By Ken Moser | March 19, 2012
Here is a fictitious story I gave to one my classes to discuss:
Brenda is a vibrant girl who comes to youth group ‘most of the time’. One day you are phoned by Brad, the youth leader at a neighboring church. Brad asks you about Brenda, he says “What’s the deal with Brenda? Lately she’s been coming to our Friday night youth events. I hear from Donna at the local Baptist church that Brenda also regularly goes to their monthly worship night. I thought she went to your group! Which youth group does she actually go to?”
You meet with Brenda and soon find out that she ‘goes to three youth groups’. She tells you that she likes the fellowship at your group, the fun stuff at Brad’s and the worship at Donna’s. When you speak with Brenda’s parents about this you are told “I don’t see the problem—when we were young we went to every youth group in town. We want our daughter experiencing Christ from as many places as possible.”
Well, what do you do?
Well, what do you do? This is the second part of my thoughts on whether or not going to two youth groups is a good thing (I’m wrestling with using the term ‘two-timer’. So far I have resisted the urge).
From my vantage point, it seems that most youth leaders, parents and any others have little or no problem with Brenda going to multiple youth groups. They don’t even see what the problem is – they wonder why be so uptight about such an issue?
But let’s take just a bit of a closer look, as it is my feeling that this common practice can actually be quite harmful to all involved in the long run.

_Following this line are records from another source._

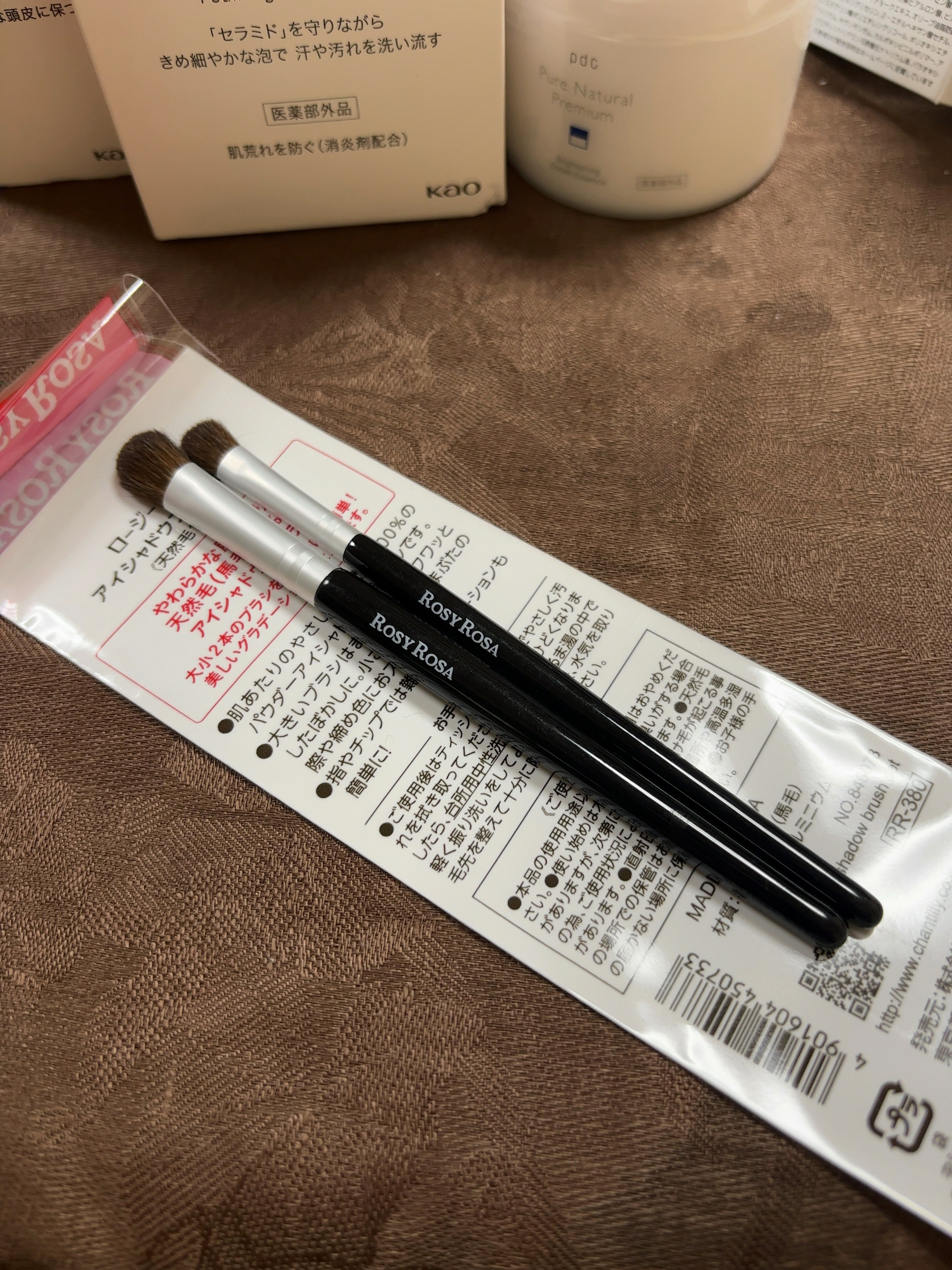 ロージーローザアイシャドウブラシセット ¥528天然毛100%のパウダーアイシャドウ専用ブラシ。大きいブラシはまぶた全体やフワッとぼかす用、小さいブラシはまぶたのキワや締め色にオススメ。チクチクせず、肌辺りが良かったです。アイシャドウをふんわ...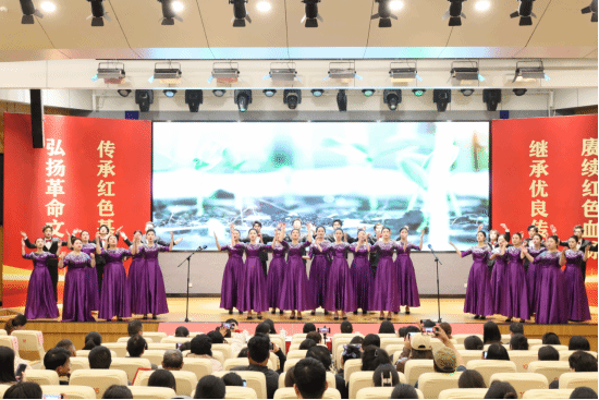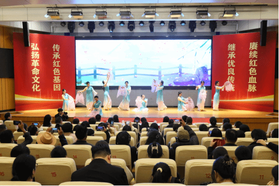 “小故事”讲述“大道理”“小切口”阐释“大主题”,宣讲会上一个个立体而丰满的红色故事直抵人心。淮海战役烈士纪念塔管理中心的魏天梅讲述了淮海战役口述史的记录者,在寻访路上用文字记录下一个又一个战士牺牲的故事;淮安市广播电视台的张又新讲述了一位从航母女舵手转变为乡村振兴掌舵人的动人故事;无锡广播电视集团的杨淑悦讲述了一群科研工作者为大国重器“奋斗者号”逐梦深蓝而拼搏的经历;旅游外语学院学生韩冰则讲述了合作联社里的“父亲”坚韧不拔、无私奉献的故事……这些故事或震撼心灵,或温暖感人,或激励斗志,让在场观众在聆听中感受到了信仰的力量与奋斗的价值。宣讲会上,学院大学生艺术团的同学们为大家奉上了精彩的开场舞蹈和合唱节目。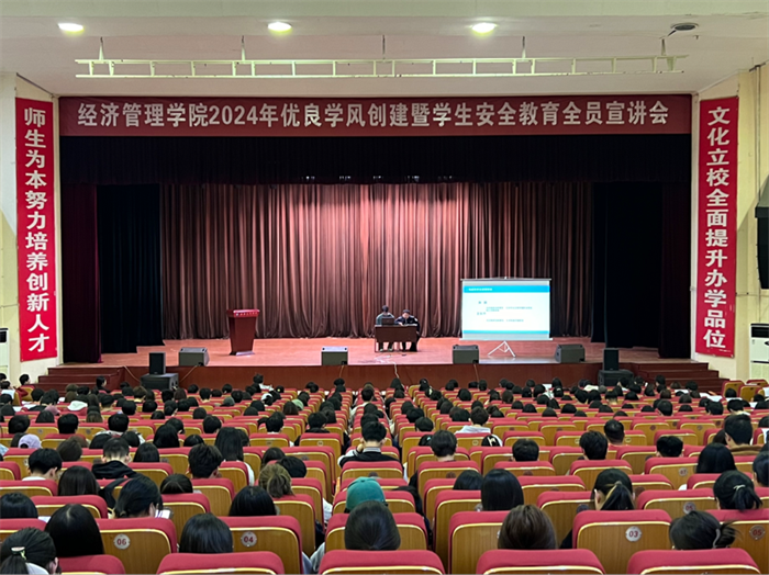 3月27日下午,经济管理学院2024年优良学风创建暨学生安全教育全员宣讲会在大礼堂召开。白沙路派出所警官孙鹏、王东升,经济管理学院党总支副书记朱芳芳、全体辅导员及全体学生参加。辅导员贺丹丹主持会议。 ...

We need to begin our thinking with some fundamentals: what is youth group about… who are you running it for... and, why are you running it.
If youth group is a drop in center for youth who come for various reasons (good and bad) but there is no commitment expected, then it is not a problem for Brenda to go to multiple groups. In fact, it is not even an issue. However, if youth group is run to be a community of believers and this community has some degree of commitment to each other, suddenly there is a problem. Add to that the fact that it is your hope that this community seeks to reach out to their friends, then youth group hopping becomes a problem. It is hard to build a community out of youth who don’t see commitment as a priority.
One of the central issues here is community. Can you really have a community built around youth who are not all that committed to your community? I know this may sound a bit stark, and some will say “But Brenda is committed to community, lots of them!” I dare say this sounds reasonable in theory but I have rarely (if ever) seen it in practice.
Finally, if youth group is run for people who are really focused on their own well-being and what ‘works for them and blesses only them’… fine, they can go to multiple groups. However, if it is all about Brenda, and what she wants, then it is all about Brenda! This means that you must support whatever else she wants to do from ice skating to school musicals to whatever—even if they mean she must drop out of youth group(s) altogether. This now becomes a bit of a double-edged sword doesn’t it?
We also have to wonder what kind Christian Brenda will be in the long-term. Will she be church hopping as an adult? Committing nowhere, serving nowhere, giving nowhere and taking non-believing friends nowhere.